Euler discovered the remarkable quadratic formula:

n2 + n + 41

It turns out that the formula will produce 40 primes for the consecutive values n = 0 to 39. However, when n = 40, 402 + 40 + 41 = 40(40 + 1) + 41 is divisible by 41, and certainly when n = 41, 412 + 41 + 41 is clearly divisible by 41.
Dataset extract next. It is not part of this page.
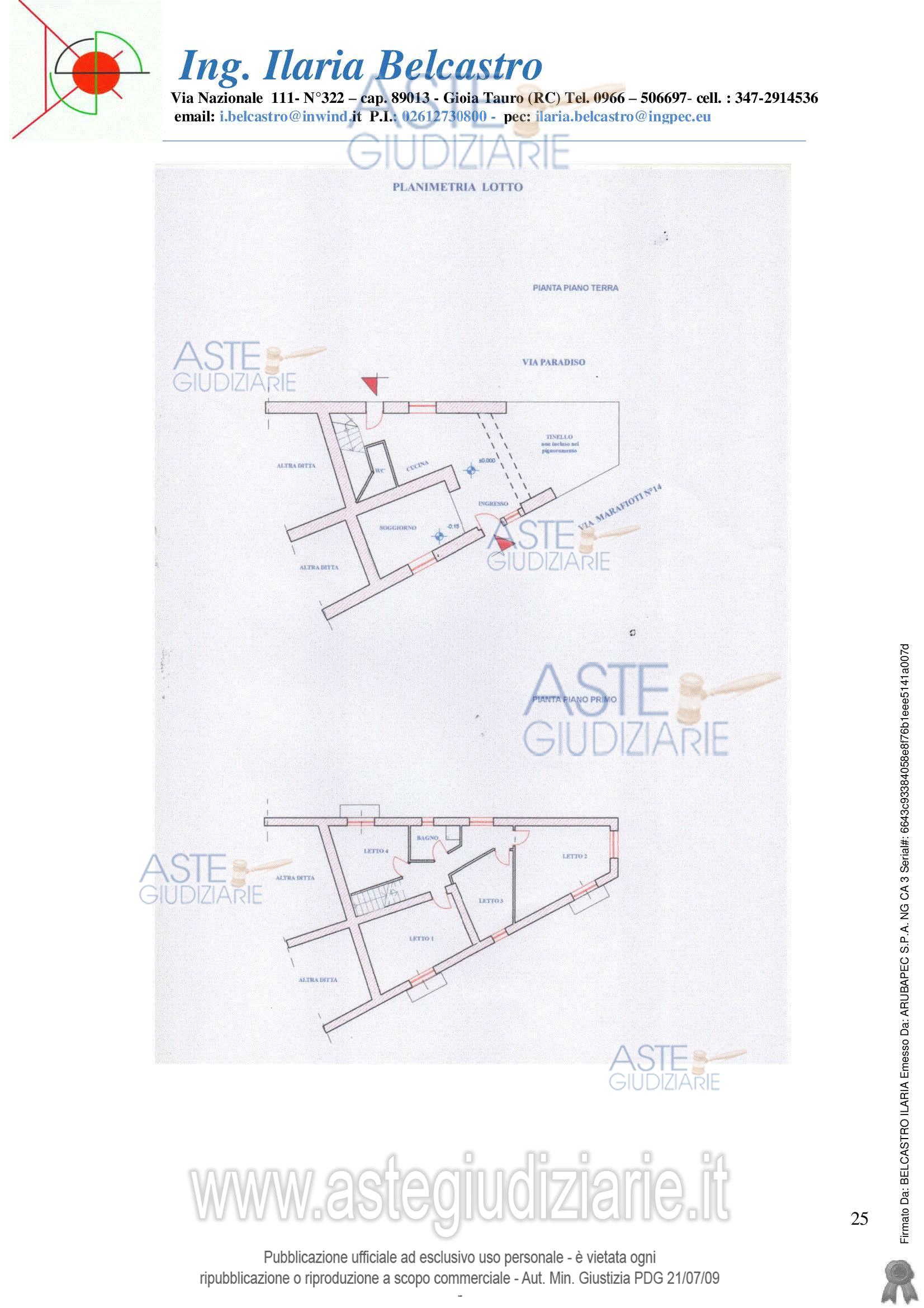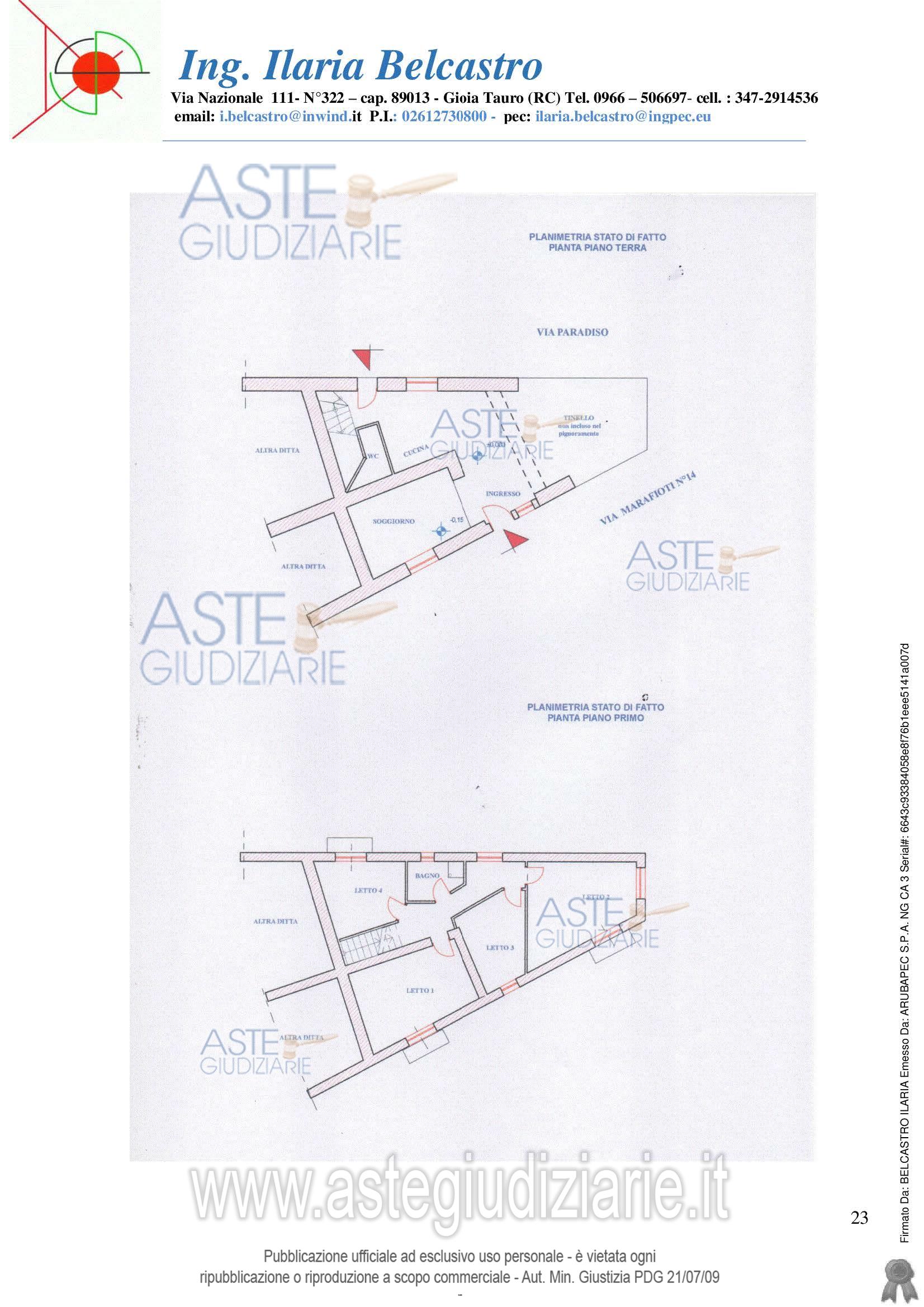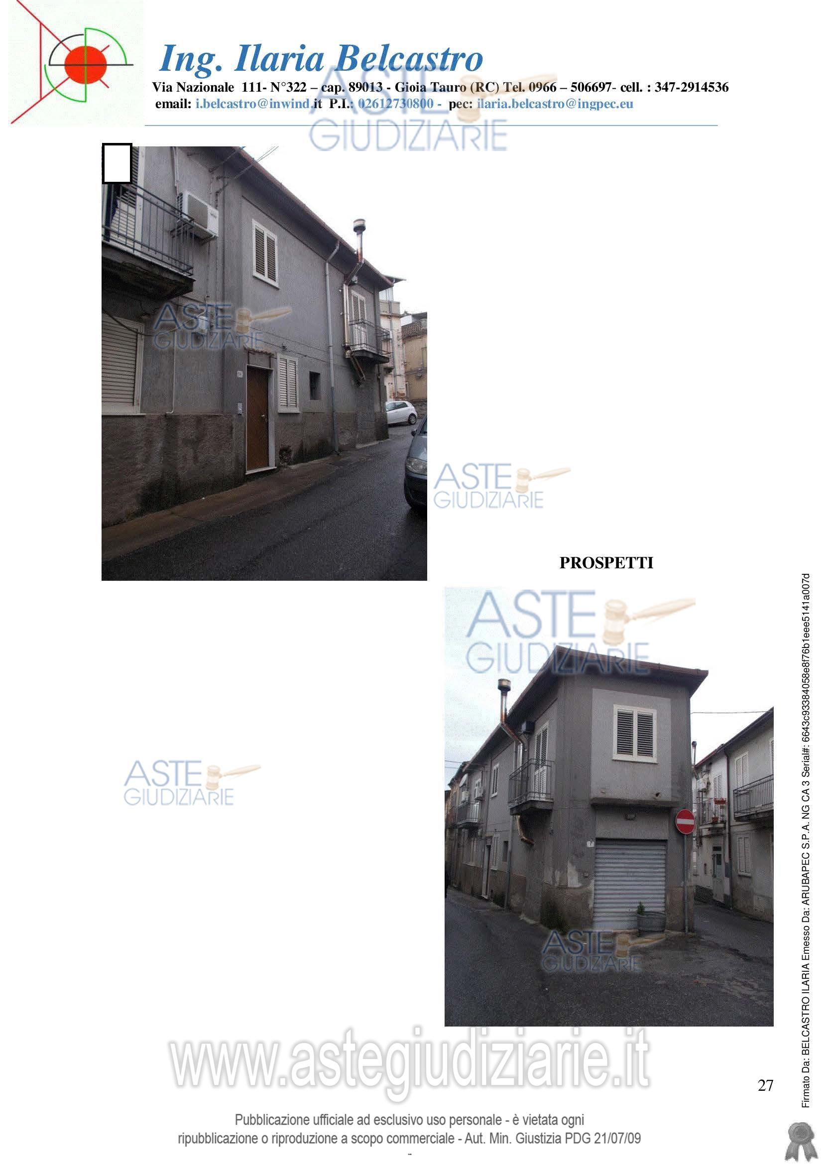 Vendita all'asta Senza incanto, con gara telematica asincrona - LOTTO 1: unità immobiliare ubicata in pieno centro storico, composta da un piano terra e un piano 1°, presenta doppio ingresso uno sulla via principale e l’altro sul retro della cucina, ed è composta al piano terra da disimpegno di ingresso, soggiorno, cucina, tinello (anche se quest’ultimo non è incluso nel procedimento) e un wc, mentre al piano superiore, al quale si accede tramite scala rivestita in marmo travertino, sono presenti ben tra 4 camere da letto e un bagno. Prezzo base € 22.808,89 (offerta minima € 17.106,67). Data inizio operazioni di vendita: 29/04/2026 ore 15:30. Giudice Dott. Marta Caineri. Professionista delegato alla vendita Avv. Fiorella Startari - Email "fiorellastartari@gmail.com"; Cell. 3384057684; Tel. 0966449507. Custode Giudiziario Avv. Fiorella Startari - Email "fiorellastartari@gmail.com"; Cell. 3384057684; Tel. 0966449507. Rif. Tribunale di Palmi - Esecuzione immobiliare post legge 80 n. 72/2022

The incredible formula n2 − 79n + 1601 was discovered, which produces 80 primes for the consecutive values n = 0 to 79. The product of the coefficients, −79 and 1601, is −126479.

Considering quadratics of the form:

  • n2 + an + b, where |a| < 1000 and |b| < 1000

  • where |n| is the modulus/absolute value of n
    e.g. |11| = 11 and |−4| = 4

Find the product of the coefficients, a and b, for the quadratic expression that produces the maximum number of primes for consecutive values of n, starting with n = 0.


二次“素数生成”多项式

欧拉发现了这个著名的二次多项式:

n2 + n + 41

对于连续的整数n从0到39,这个二次多项式生成了40个素数。然而,当n = 40时,402 + 40 + 41 = 40(40 + 1) + 41能够被41整除,同时显然当n = 41时,412 + 41 + 41也能被41整除。

随后,另一个神奇的多项式n2 − 79n + 1601被发现了,对于连续的整数n从0到79,它生成了80个素数。这个多项式的系数-79和1601的乘积为-126479。

考虑以下形式的二次多项式:

  • n2 + an + b, 满足|a| < 1000且|b| < 1000

  • 其中|n|指n的模或绝对值
    例如|11| = 11以及|−4| = 4

这其中存在某个二次多项式能够对从0开始尽可能多的连续整数n都生成素数,求其系数a和b的乘积。